Presley - Secretary Promotion: Onlyfans - Piper

McAllister opened it. Inside was a business plan. Piper Presley Consulting: Digital Authenticity & Brand Disruption. The first page had a single line: Your company just got a 3-million-dollar contract because of my ‘scandal.’ Imagine what I could do if you hired me to do it on purpose.

“Mr.

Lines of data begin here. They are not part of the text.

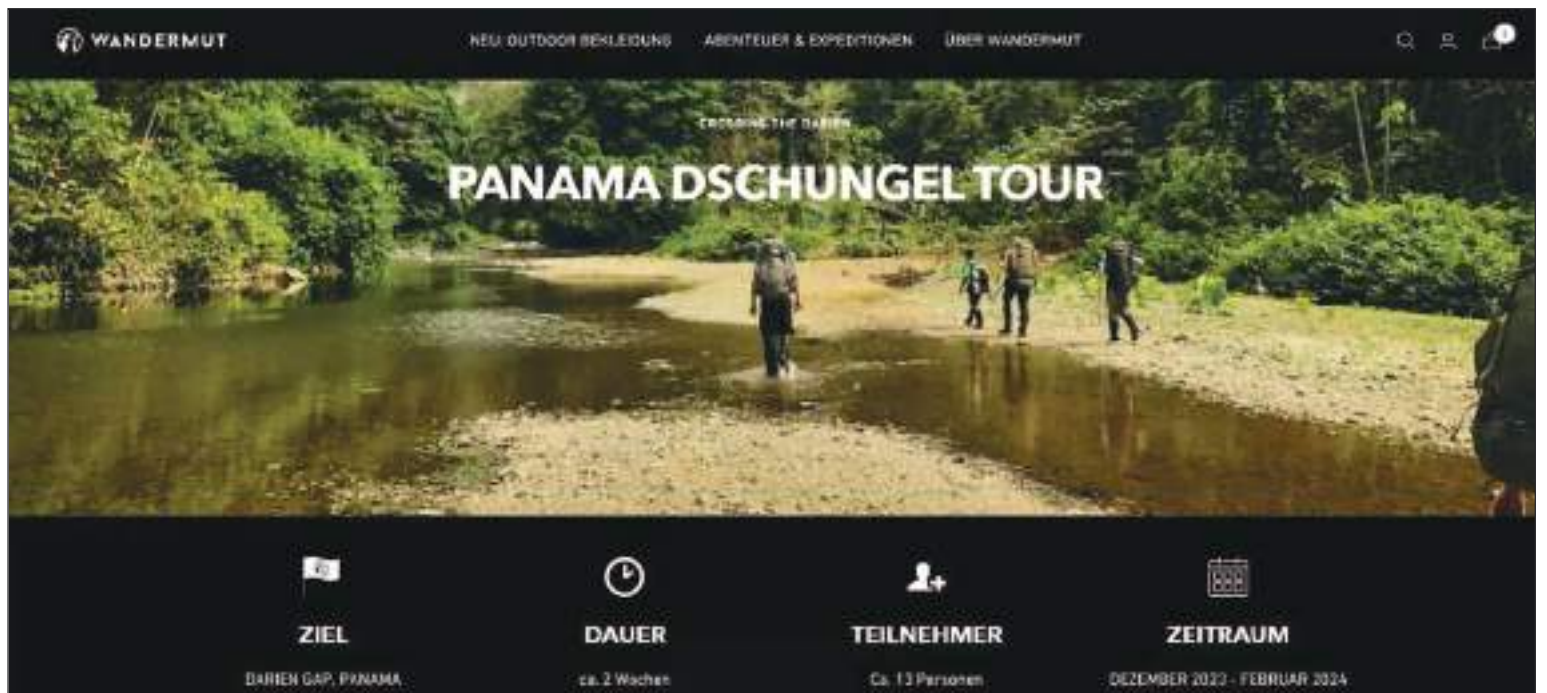
Página web de la empresa alemana que ofrece paquetes turísticos a quien quiera trasegar por la peligrosa ruta del Tapón del Darién.

“Nuestra organización es testigo del sufrimiento de los migrantes en su paso por la difícil selva del Darién. Se exponen a peligros geográficos, enfermedades y distintos tipos de violencia. Es un sufrimiento extremo en un
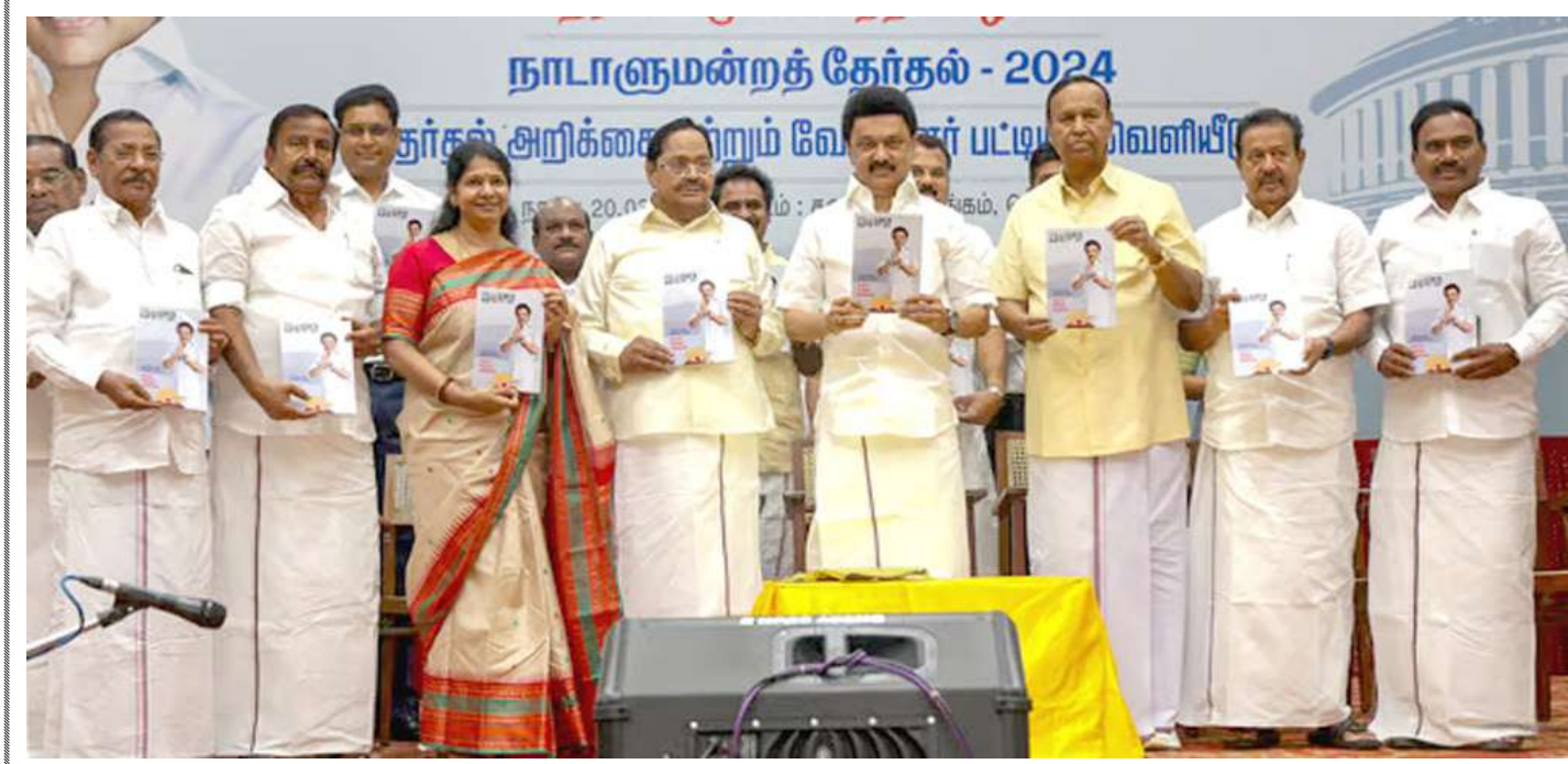
તામિલનાડુના સીએમ અને ડીએમકેના વડા એમકે સ્ટાલિન પદના નેતા કનિમોગી સાથે ચેન્નાઈમાં પાર્ટીની બેઠક દરમિયાન પદના ઉમેદવારોની યાદી અને ટંદેરો જાહેર કરવામાં આવ્યો હતો.

ભાજપે ૩૦૩ બેઠકો પર જીત મેળવી હતી, તે જોતા તેને એક બેઠક સરેરાશ પોણા ચાર કરોડ રૂપિયામાં પડી હતી. કોંગ્રેસે બાવન બેઠકો મેળવી હતી. આ વખતની લોકસભાની ચૂંટણીમાં આશરે ૧.૨૦ લાખ કરોડ રૂપિયા ખર્ચ થવાનું અનુમાન છે, જેમાં ચૂંટણી પંચના ખર્ચનો હિસ્સો માત્ર ૨૦ ટકા
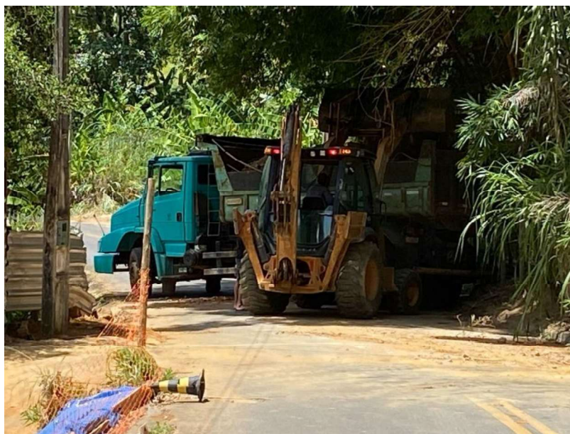
Figura 13 e 14: ITEM 05.03.07 – REMOÇÃO DE ENTULHO
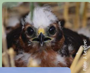
Kaňa popolavá ( Circus pygargus )
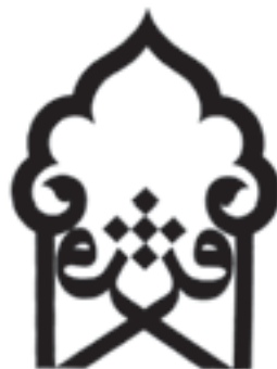
دانشکده‌ی علوم قرآنی طراح: محمدحسین حلیمی
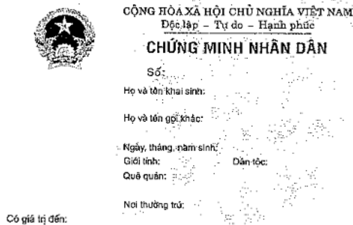
Hình 1 - Mặt trước.

a) Mặt trước: Bên trái, từ trên xuống: Hình Quốc huy nước Cộng hòa xã hội chủ nghĩa Việt Nam, đường kính 14 mm; ảnh của người được cấp Chứng minh nhân dân cỡ 20 x 30 mm; có giá trị đến (ngày, tháng, năm). Bên phải, từ trên xuống: Cộng hòa xã hội chủ nghĩa Việt Nam, Độc lập - Tự do - Hạnh phúc; chữ "Chứng minh nhân dân"; số; họ và tên khai sinh; họ và tên gọi khác; ngày, tháng, năm sinh; giới tính; dân tộc; quê quán; nơi thường trú.
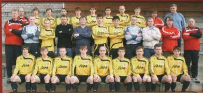
Задача на нынешний сезон - улучшить результат 2006 года

Заключительный этап подготовки проходил в Сочи, где была обыграна местная «Жемчужина» – 3:0. «Волочанину – Ратмиру» из Вышнего Волочка наши сегодняшние гости уступили – 0:1, а ульяновской «Волге» – 0:2.
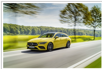
Mercedes-AMG CLA 35 4Matic Shooting Brake.
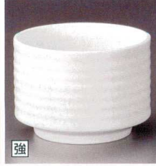
63937-291 白磁筒型飯器(小) 2,500円 (10.3×7.4cm)

Reed,” she said, her voice smooth as bourbon. “Let me handle this.” OnlyFans - Piper Presley - Secretary Promotion

Phase two was bolder. She started “accidentally” leaving her phone unlocked on her desk. The screen saver was a stunning, artistic photo from her “Office Siren” set—her in a barely-there pencil skirt, backlit by city lights, her face a mask of smoldering authority. She’d “forget” it when she went to the breakroom, just long enough for curious eyes to peek. McAllister opened it

“It’s called personal branding, Mr. Reed,” she smiled. “I’m working on my initiative.” The first page had a single line: Your

By Thursday, the rumor mill was churning. Someone had found a watermark. PiperUnfiltered. A junior analyst with too much time on his hands did a reverse image search. The result was a collective, silent implosion of the office’s id.

Piper didn’t flinch. She slid a folder across the mahogany table. “That’s my resignation.”